**EXERCISE:** Under this line sits a listing. Repeat exactly and only its lines from the one holding "Extiende la masa" through the one holding "沉淀硬化馬(ma)氏(shi"; skip pictures.

**SUPPLIED MATERIAL:**

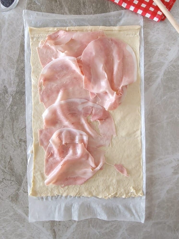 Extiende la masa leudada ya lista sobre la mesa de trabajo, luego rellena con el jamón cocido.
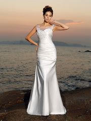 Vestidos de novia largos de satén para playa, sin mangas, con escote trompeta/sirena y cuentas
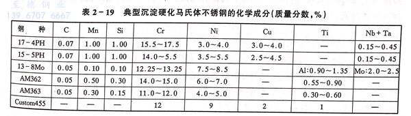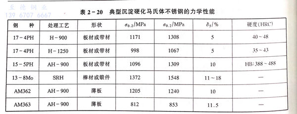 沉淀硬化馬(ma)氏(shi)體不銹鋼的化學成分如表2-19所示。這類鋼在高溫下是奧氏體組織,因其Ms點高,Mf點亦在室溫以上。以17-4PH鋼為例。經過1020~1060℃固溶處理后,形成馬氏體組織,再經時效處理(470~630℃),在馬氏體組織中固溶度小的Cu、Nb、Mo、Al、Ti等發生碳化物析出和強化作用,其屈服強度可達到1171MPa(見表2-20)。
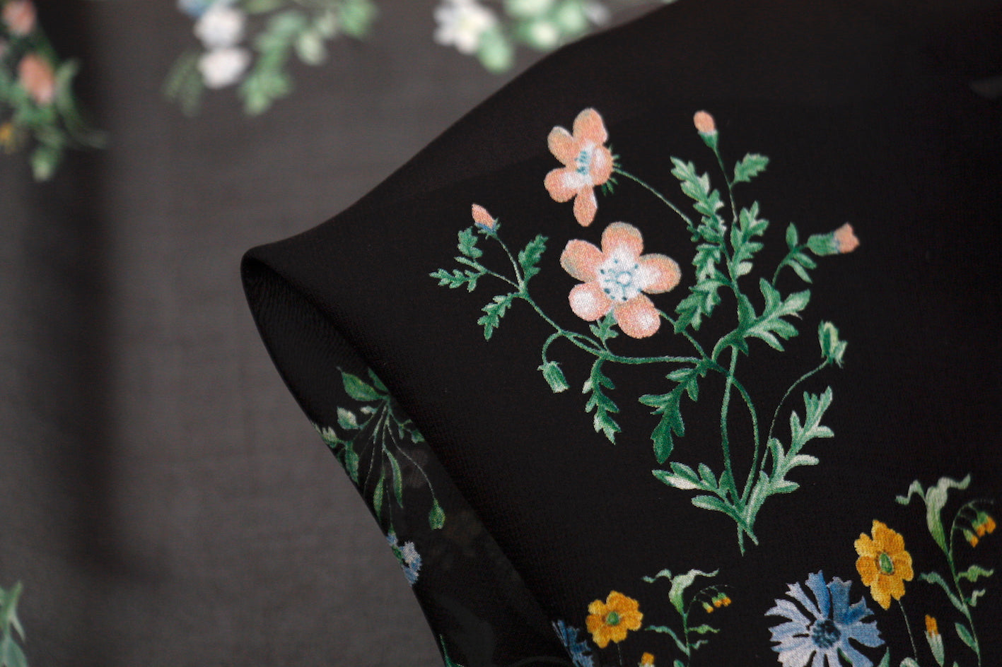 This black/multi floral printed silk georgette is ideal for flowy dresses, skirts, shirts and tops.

...

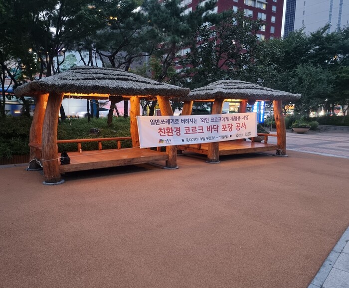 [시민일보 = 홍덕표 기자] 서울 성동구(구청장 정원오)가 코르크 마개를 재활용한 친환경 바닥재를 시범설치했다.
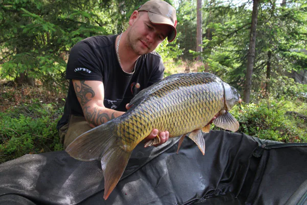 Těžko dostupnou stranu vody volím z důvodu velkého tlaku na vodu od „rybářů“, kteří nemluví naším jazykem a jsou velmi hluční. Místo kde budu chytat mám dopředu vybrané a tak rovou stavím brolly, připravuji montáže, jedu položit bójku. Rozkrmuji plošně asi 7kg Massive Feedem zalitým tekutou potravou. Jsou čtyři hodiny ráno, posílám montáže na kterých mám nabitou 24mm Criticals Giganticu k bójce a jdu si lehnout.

**RESULT OF THE TASK:**
 Extiende la masa leudada ya lista sobre la mesa de trabajo, luego rellena con el jamón cocido.
 Vestidos de novia largos de satén para playa, sin mangas, con escote trompeta/sirena y cuentas
 沉淀硬化馬(ma)氏(shi)體不銹鋼的化學成分如表2-19所示。這類鋼在高溫下是奧氏體組織,因其Ms點高,Mf點亦在室溫以上。以17-4PH鋼為例。經過1020~1060℃固溶處理后,形成馬氏體組織,再經時效處理(470~630℃),在馬氏體組織中固溶度小的Cu、Nb、Mo、Al、Ti等發生碳化物析出和強化作用,其屈服強度可達到1171MPa(見表2-20)。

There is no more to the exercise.